> The records
•••••
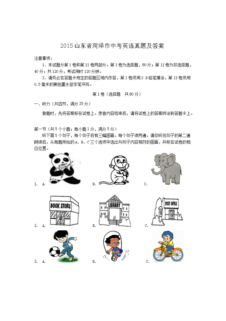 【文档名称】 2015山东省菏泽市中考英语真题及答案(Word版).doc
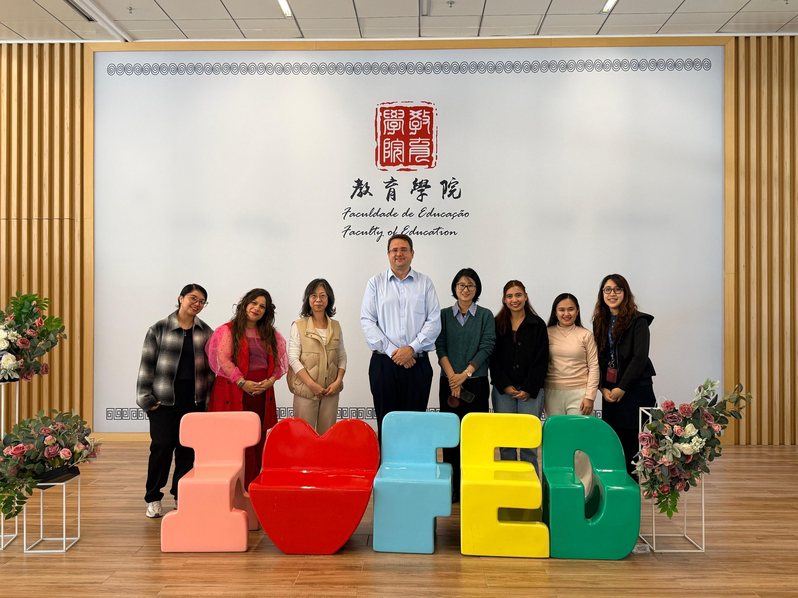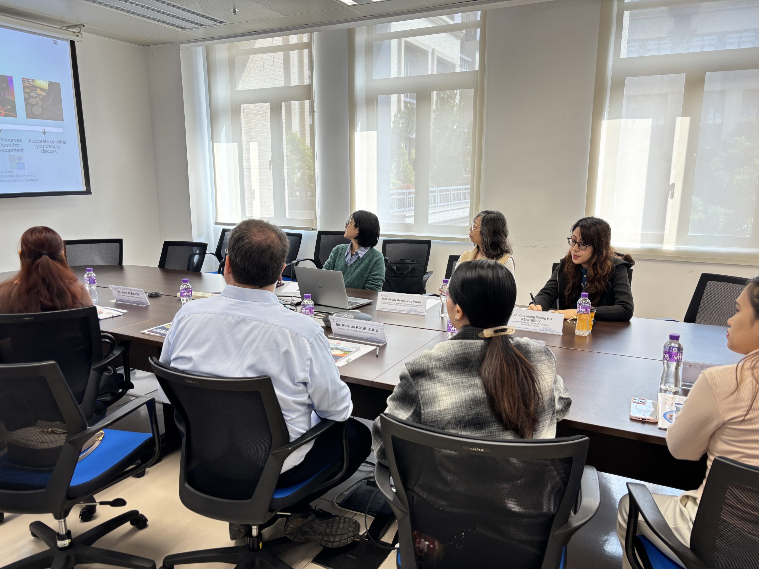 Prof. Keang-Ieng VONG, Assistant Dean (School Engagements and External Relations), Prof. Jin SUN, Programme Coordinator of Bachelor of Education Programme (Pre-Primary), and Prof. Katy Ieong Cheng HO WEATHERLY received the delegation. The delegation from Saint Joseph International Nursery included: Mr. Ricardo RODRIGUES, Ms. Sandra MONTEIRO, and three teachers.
•••••
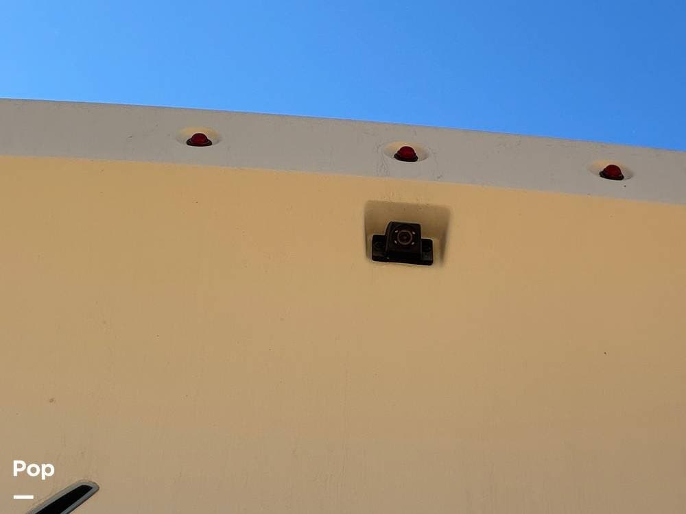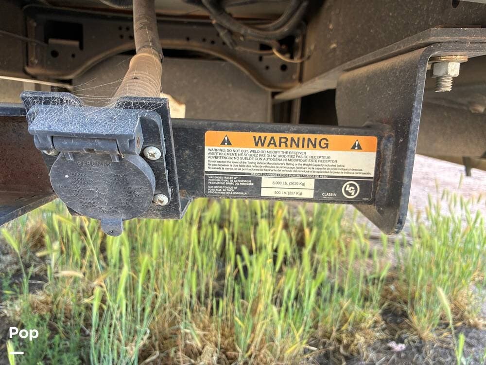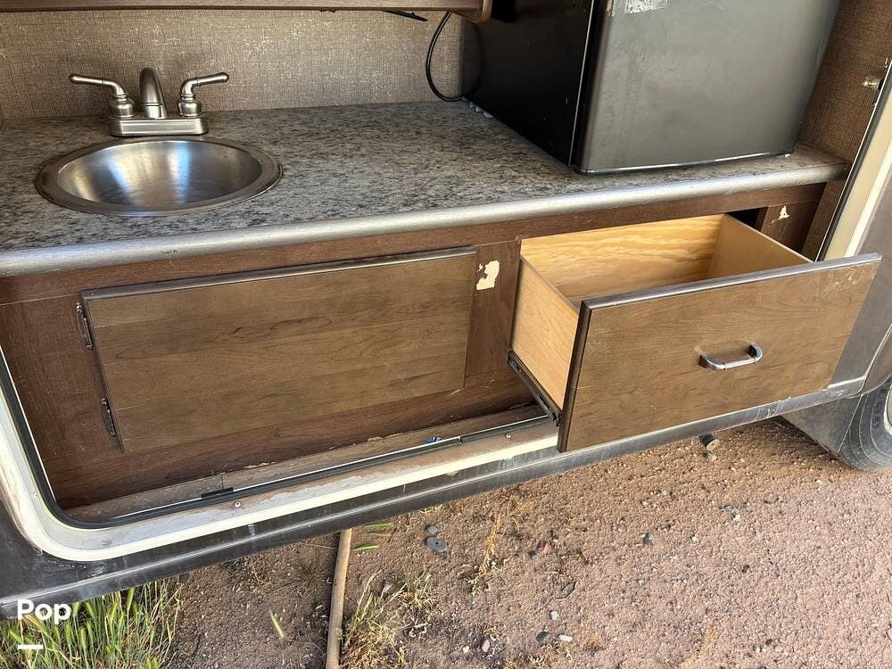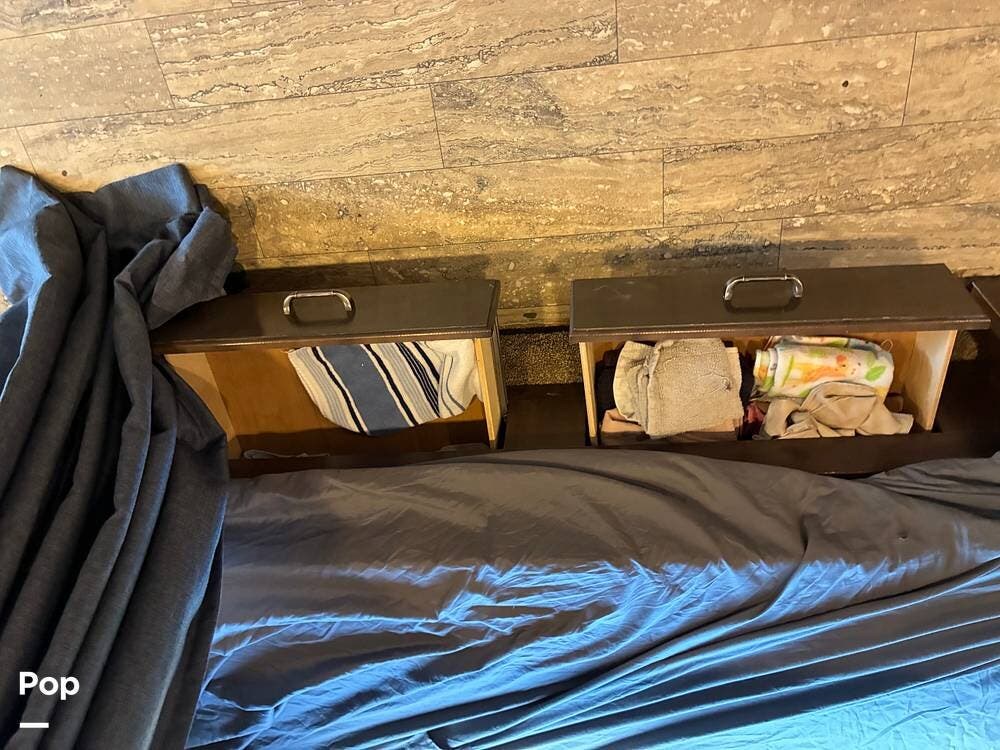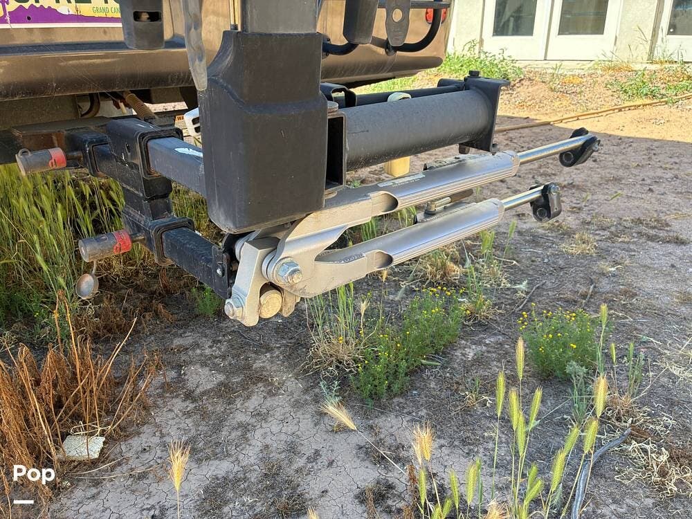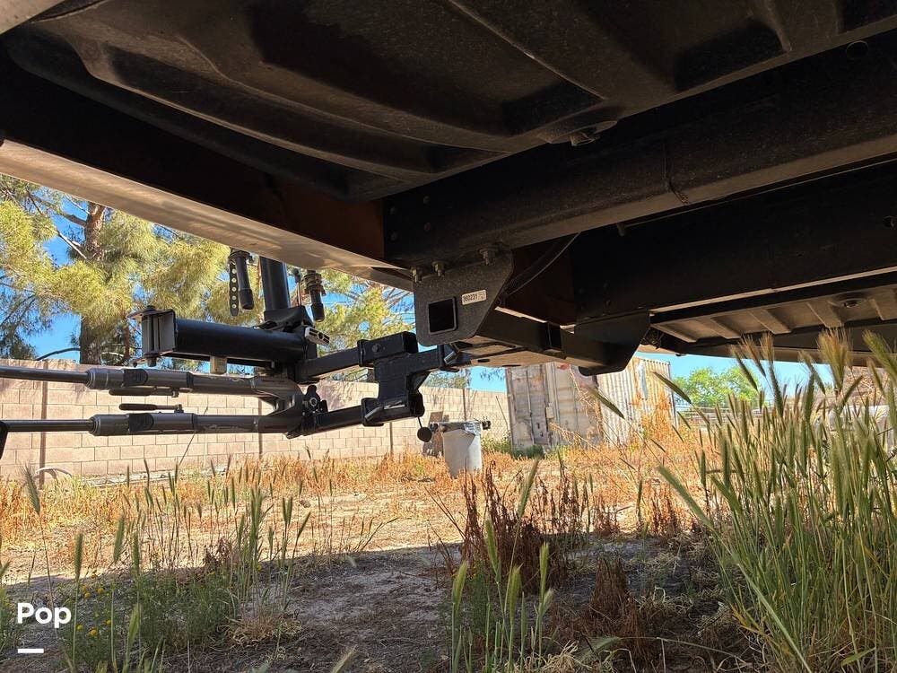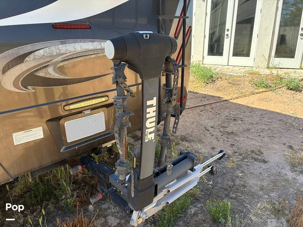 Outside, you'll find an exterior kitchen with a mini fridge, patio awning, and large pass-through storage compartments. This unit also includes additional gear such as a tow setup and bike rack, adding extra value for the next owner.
•••••
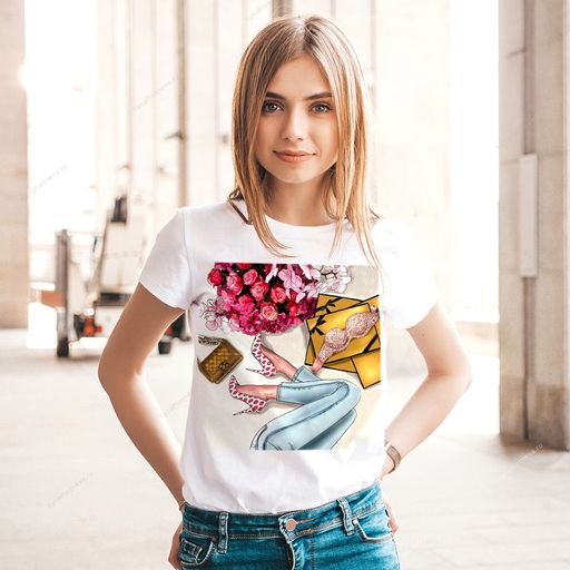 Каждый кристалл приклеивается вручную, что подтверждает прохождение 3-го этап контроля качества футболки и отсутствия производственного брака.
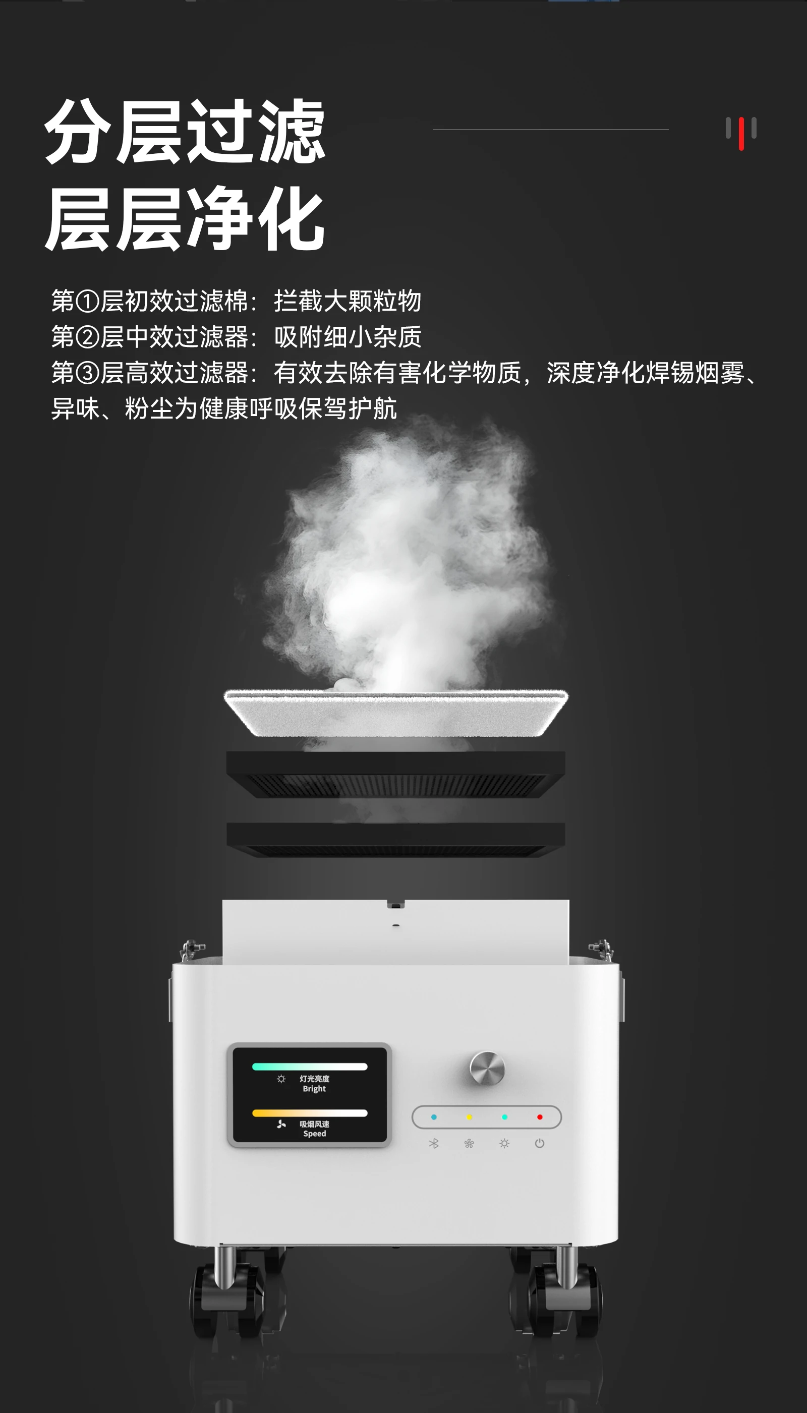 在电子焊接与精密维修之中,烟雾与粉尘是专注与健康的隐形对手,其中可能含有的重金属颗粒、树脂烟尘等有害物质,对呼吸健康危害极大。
•••••
Among the entries above, locate the line with "Каждый кристалл приклеивается" and the line with "在电子焊接与精密维修之中,烟". Give those two lines and all lines between them again, exactly, leaving out the pictures.

> Solution to this exercise
 Каждый кристалл приклеивается вручную, что подтверждает прохождение 3-го этап контроля качества футболки и отсутствия производственного брака.
 在电子焊接与精密维修之中,烟雾与粉尘是专注与健康的隐形对手,其中可能含有的重金属颗粒、树脂烟尘等有害物质,对呼吸健康危害极大。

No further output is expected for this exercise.